ASSIGNED TASK: Scan the entries that follow and copy out every line containing "with".

DATA SHOWN:

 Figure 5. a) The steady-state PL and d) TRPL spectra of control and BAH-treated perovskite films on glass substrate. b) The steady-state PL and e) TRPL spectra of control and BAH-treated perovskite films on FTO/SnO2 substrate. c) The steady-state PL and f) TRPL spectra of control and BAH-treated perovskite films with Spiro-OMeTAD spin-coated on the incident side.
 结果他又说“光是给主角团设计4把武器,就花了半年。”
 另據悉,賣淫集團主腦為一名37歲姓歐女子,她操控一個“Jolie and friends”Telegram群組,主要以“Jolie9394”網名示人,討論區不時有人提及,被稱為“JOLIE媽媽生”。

---

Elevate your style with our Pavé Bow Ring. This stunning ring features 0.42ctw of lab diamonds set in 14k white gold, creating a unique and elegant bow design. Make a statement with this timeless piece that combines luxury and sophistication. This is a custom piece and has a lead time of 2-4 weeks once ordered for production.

FINISHED TASK:
 Figure 5. a) The steady-state PL and d) TRPL spectra of control and BAH-treated perovskite films on glass substrate. b) The steady-state PL and e) TRPL spectra of control and BAH-treated perovskite films on FTO/SnO2 substrate. c) The steady-state PL and f) TRPL spectra of control and BAH-treated perovskite films with Spiro-OMeTAD spin-coated on the incident side.
Elevate your style with our Pavé Bow Ring. This stunning ring features 0.42ctw of lab diamonds set in 14k white gold, creating a unique and elegant bow design. Make a statement with this timeless piece that combines luxury and sophistication. This is a custom piece and has a lead time of 2-4 weeks once ordered for production.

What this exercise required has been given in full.